Globalton
It’s Steve Yegge’s fault that I was rethinking the singleton pattern. I read his Singleton Considered Stupid post in early 2008 with the rest of the proggit before it devolved into a memetic garbage patch. Yegge’s rant ends with a note about design patterns that curled up in my hindbrain and has been whispering to me since:
The problem is, about 1/3 to 1/2 of them [design patterns] were basically cover-ups for deficiencies in C++ that don’t exist in other languages. Although I’m not a huge Perl fan anymore, I have to admit the Perl community caught on to this first (or at least funniest). They pointed out that many of these so-called patterns were actually an implementation of Functional Programming in C++.
I’ve had the ranty discussions about how the singleton could be better known as globalton typical of any developer who’s heard that joke:
I’ve never understood why people bother with all that mucking around with instances. Just tag the object initialization on to the end some startup script like the database initialization and add ‘global $map;’ anytime you want to access it. It’s a global variable; most languages have very succinct idioms for managing those, unfortunately.
Singleton has a very small niche managing some hardware access and then is abused approximately all of the time as a noisy version of global variables. Seeing this over and over kept me thinking about whether design patterns are indeed mostly a standard set of tools for working around language deficiencies. (ObSlander: It’d certainly explain the Java community’s fixation on them.)
I’ve had an urge to reread Design Patterns and work through them in a high-level language like Ruby or, better, JavaScript.

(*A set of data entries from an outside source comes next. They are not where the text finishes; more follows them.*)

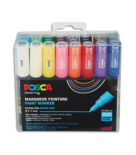 Pochette de 16 marqueurs UNI POSCA - Pointe conique extra fine 0,7-1mm - Coloris assortis
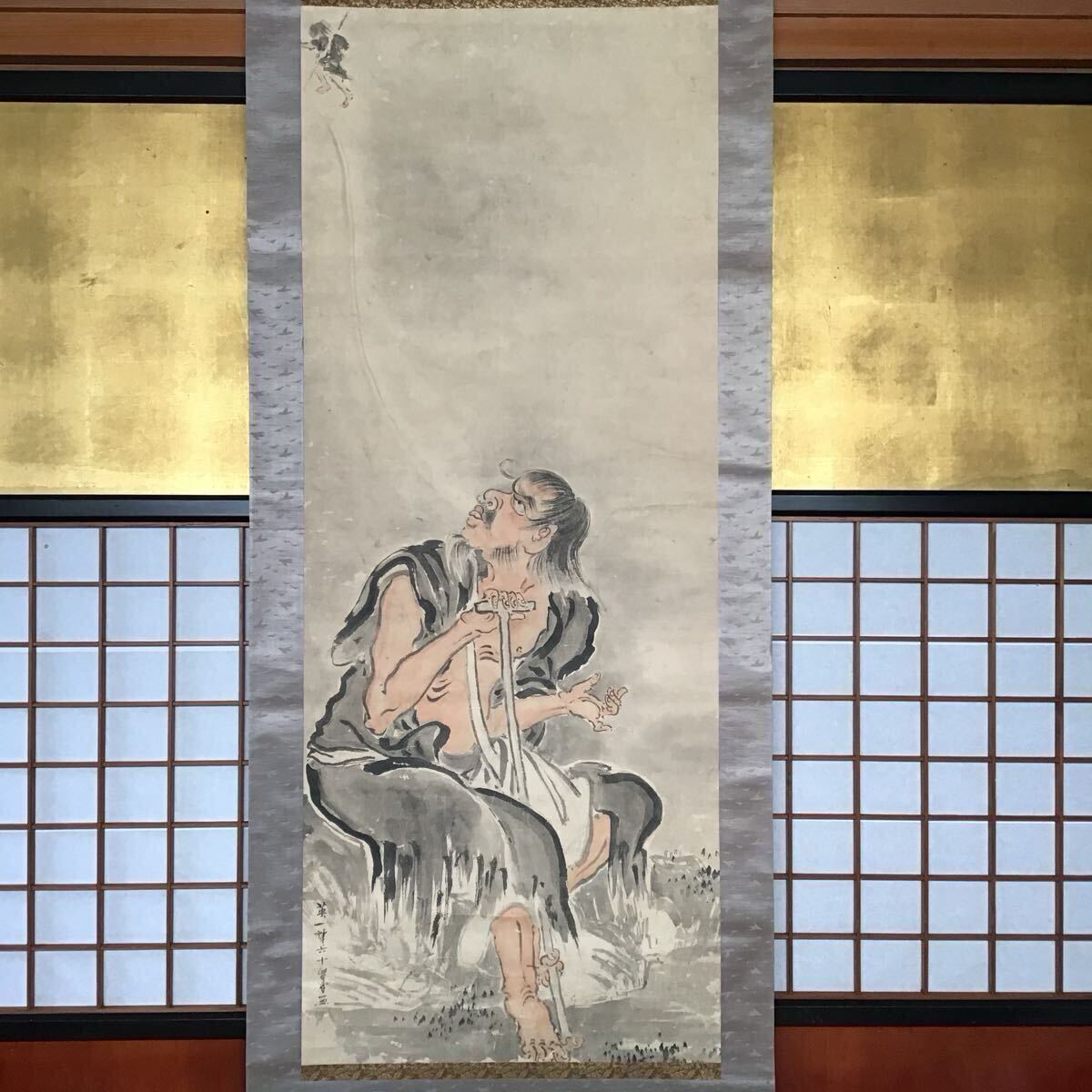 商品名:【真作】蔵出し【英一蝶『蝦蟇仙人之図』大幅 紙本 肉筆 日本画 中国画 合箱】
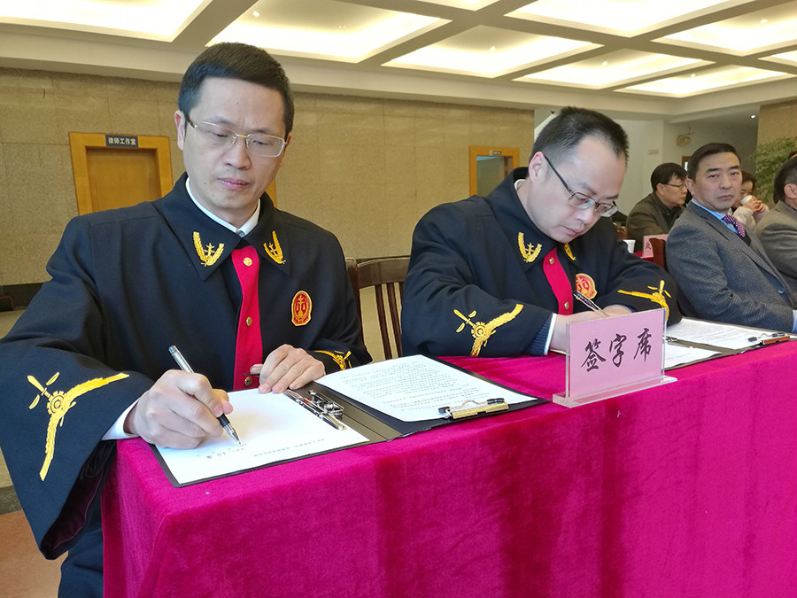 面对鲜艳的五星红旗和庄严的国徽,55名首批入额法官右手举拳,作出了神圣而庄严的承诺:“我是中华人民共和国法官,我宣誓:忠于中华人民共和国宪法,维护宪法权威,履行法定职责,忠于祖国、忠于人民,恪尽职守、廉洁奉公,接受人民监督,为建设富强、民主、文明、和谐的社会主义国家努力奋斗!”宣誓后,入额法官代表还现场签订了入额承诺书。
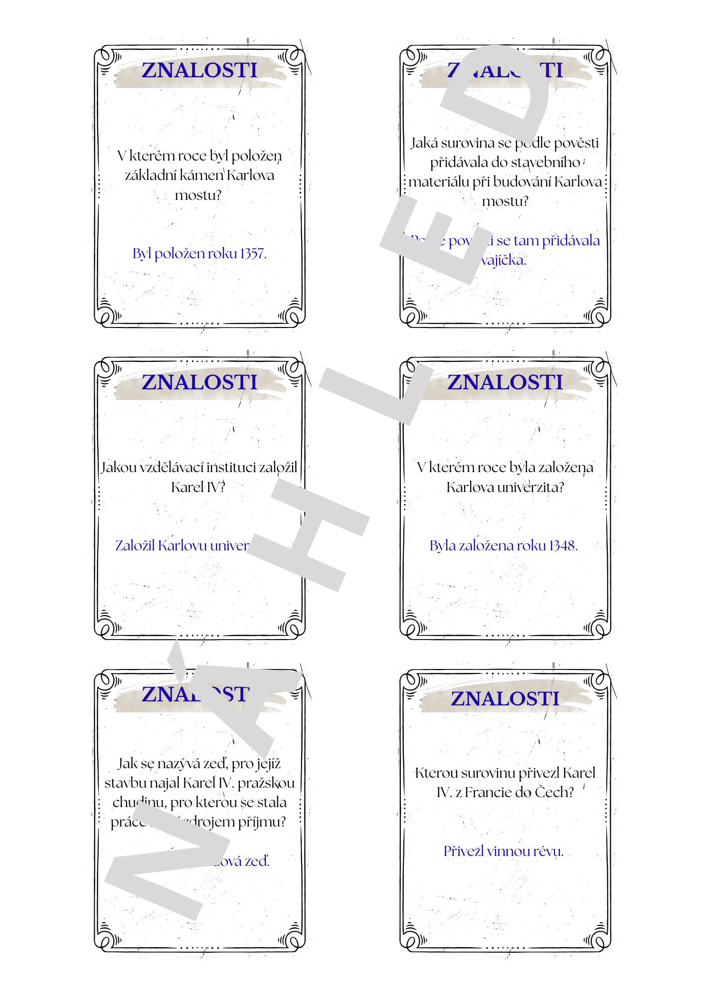 Znalosti: (30) Kartičky obsahují otázky o životě a době Karla IV. U každé otázky je uvedena i

But it turns out, as usual, that Peter Norvig is way ahead, with a 1998 presentation on design patterns in dynamic language noting that in some languages design patterns are simply invisible. Unfortunately he didn’t leave behind a detailed pronouncement of opinion as to the value remaining in design patterns when a language invisibly supports the most common patterns at the least, so I suppose I still have the exercise ahead of me.